Chloe Maluleke|Published

CEO of OpenAI Samuel Altman testifies at a hearing of the Senate Committee on the Judiciary on Oversight of A.I.: Rules for Artificial Intelligence in Washington, DC, the United States.

Image: Xinhua

When the White House moves to pre-empt state laws that regulate artificial intelligence, we need to sit up and ask who wins, and who loses? A draft executive order reportedly under consideration directs the US Department of Justice to form an AI Litigation Task Force whose job is to sue US states that pass AI laws the federal government deems burdensome. That is not just a policy shift, it is a power shift.

Innovation vs. State Autonomy: The Stakes Are High

The draft order aims to block state AI laws by arguing they infringe on the Commerce Clause or duplicate federal regulation. 

More concretely, if a state passes a law requiring AI firms to disclose how they train models, or to prevent bias in AI outputs, the order would label that “onerous” and potentially subject that state to legal challenge and loss of federal funding. For example, the draft names California and Colorado’s transparency and algorithmic-discrimination laws as targets. 

The stated aim? Create “one national standard” rather than 50 different state laws. Proponents argue that a patchwork of rules slows down innovation, raises compliance burdens and undermines US global competitiveness in AI. The other side argues this is a dangerous centralising move.

There are key numbers:

The US Senate in July voted 99-1 to strip from a major bill a provision that would have banned states from regulating AI for ten years — an attempt to block states entirely. 

The federal broadband funding programme at stake, the Broadband Equity Access and Deployment (BEAD) Program is valued at US$42 billion. Some states may lose access if they pursue AI regulations deemed unacceptable. 

In short: a national AI policy debate is turning into a fight about federal vs. state power.

Why This Matters: Protective Regulation or Innovation Stifler?

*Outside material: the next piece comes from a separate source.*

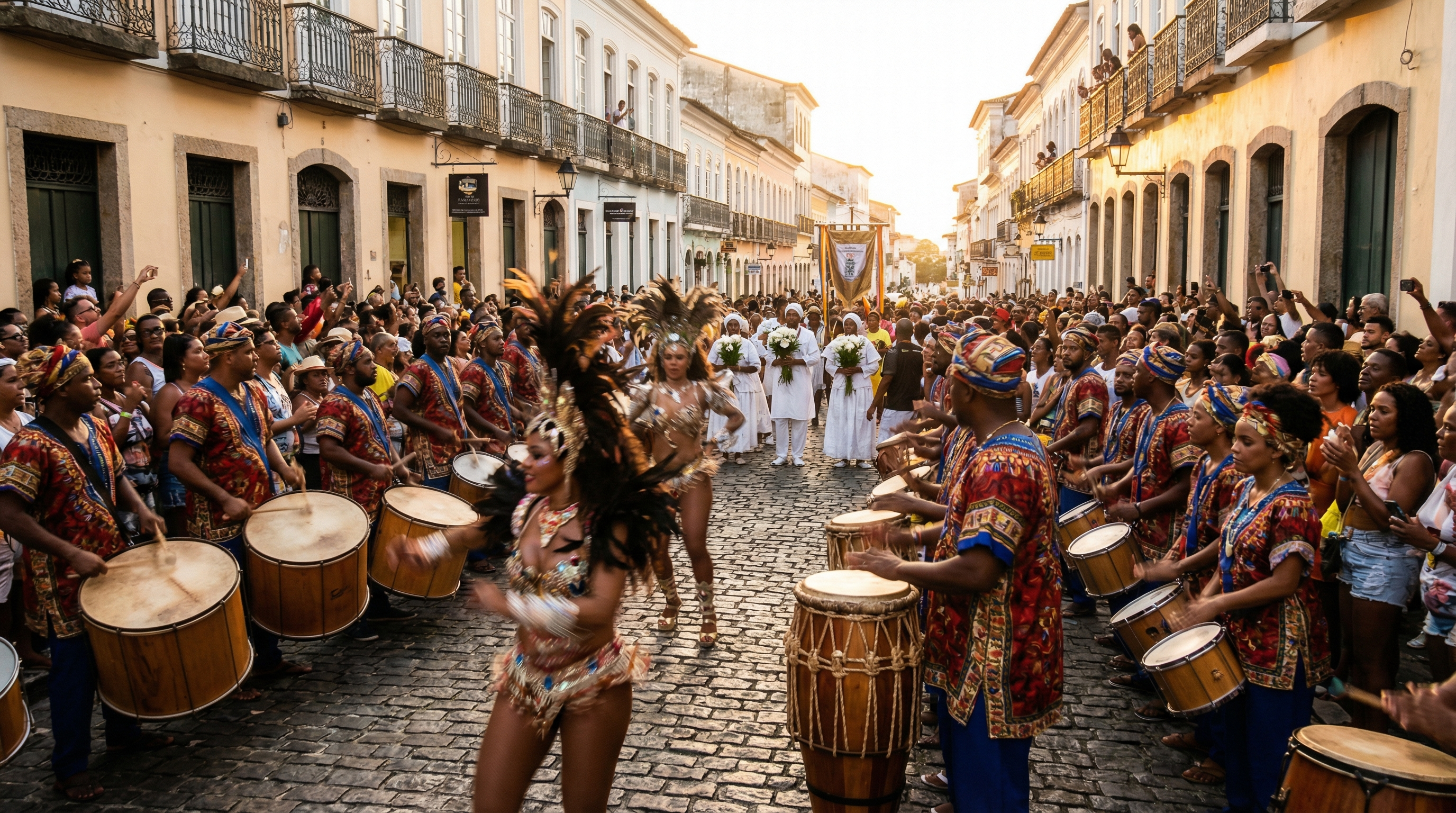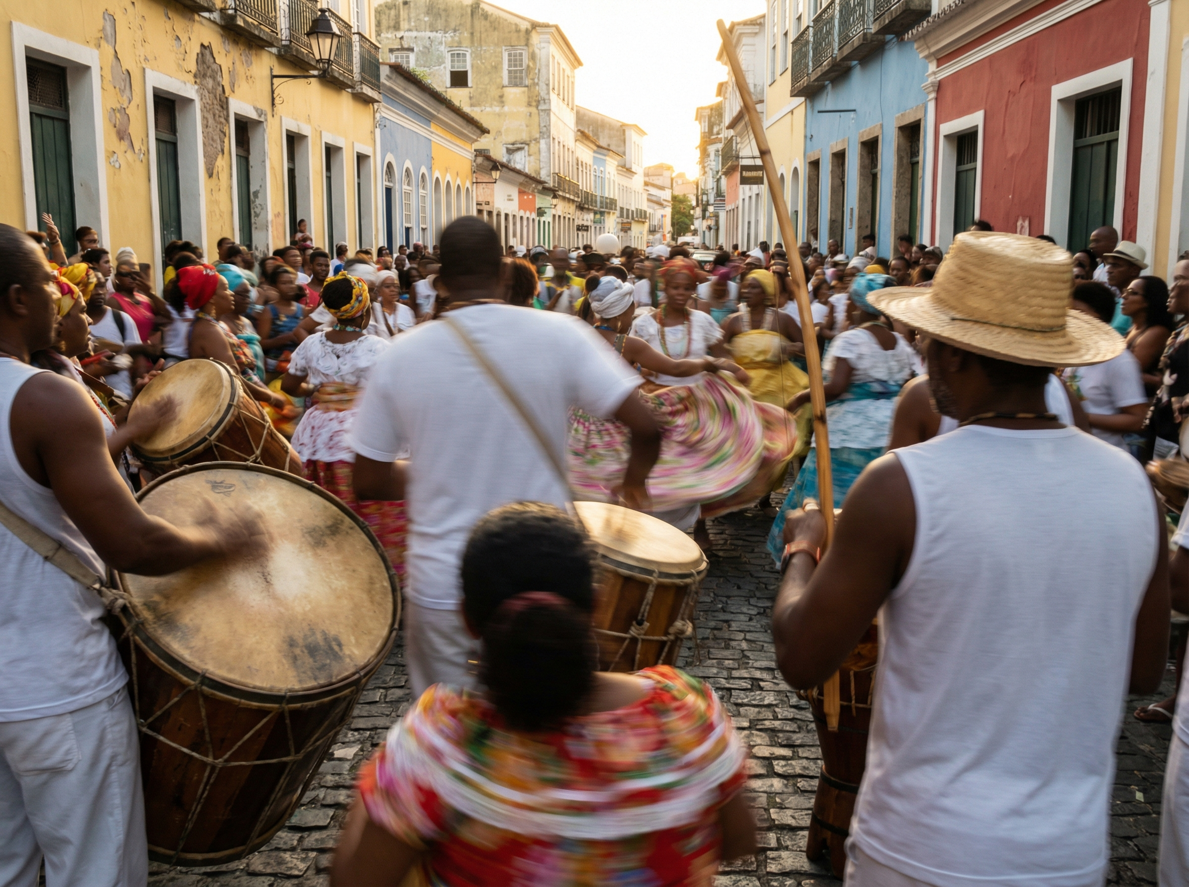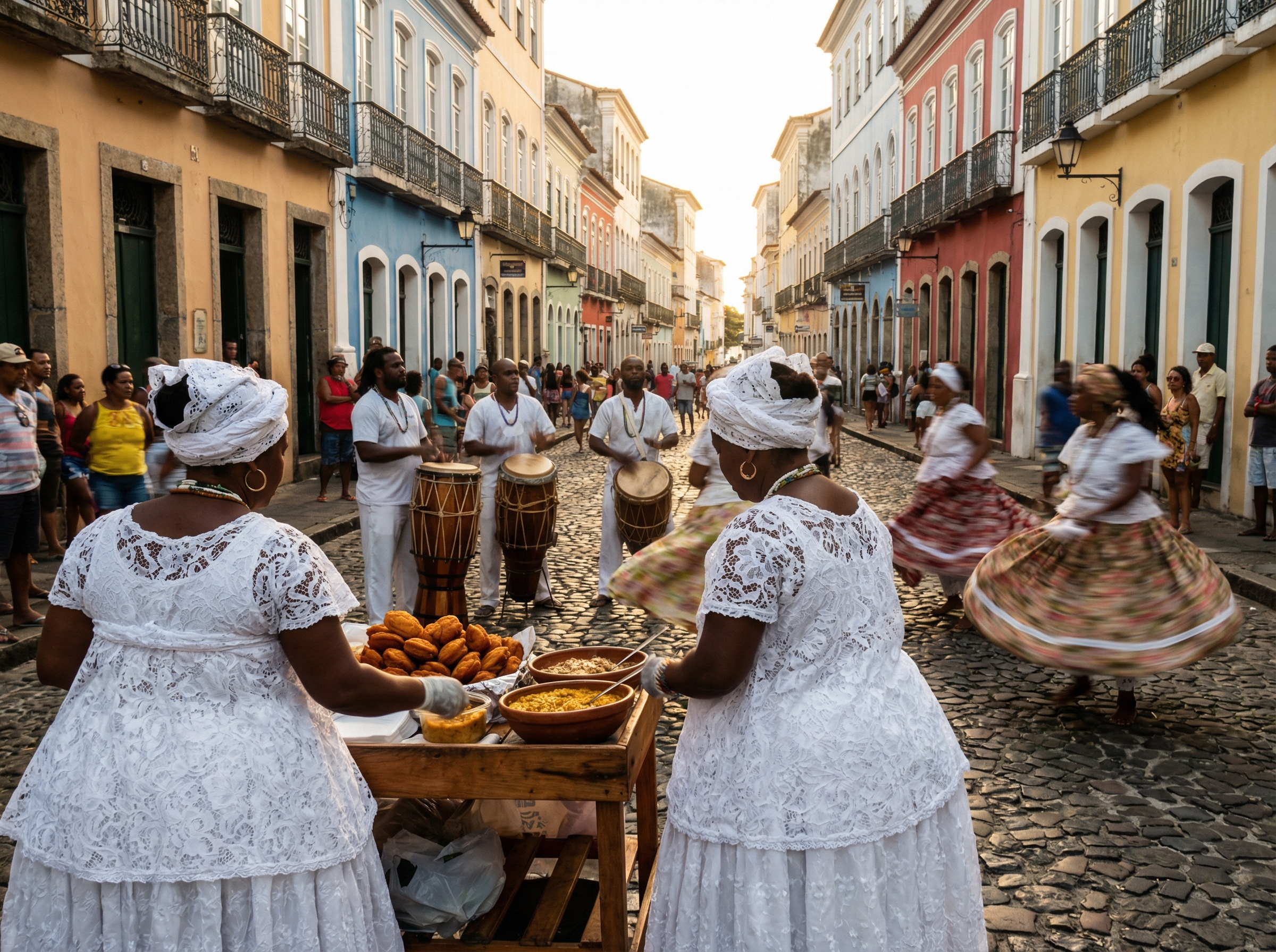 Salvador, de bruisende hoofdstad van Bahia, is een levend schrijn van Afro-Braziliaanse tradities: trommels die het ritme van ancestrale verhalen bepalen, pittige geuren van dendê en kruiden, en ceremonies waarin geloof en identiteit samenkomen. Hier vormen muziek, keuken en ceremonies een dynamische uitdrukking van wederstand, verwantschap en levenskracht.

State regulations in AI are not just symbolic. Many states are acting because of real harms algorithmic discrimination, misinformation, deep-fakes, lost jobs, privacy violations. The Electronic Frontier Foundation says the draft order is “deeply misguided” because state laws are often the earliest protectors of citizens from AI abuse. 

When the federal government says “states regulate too much,” it risks leaving gaps where regulation is necessary. Without state guardrails, a handful of large firms could dictate how AI is used in everything from employment and housing to policing and health. That concentration of power may accelerate innovation, but it also accelerates risk.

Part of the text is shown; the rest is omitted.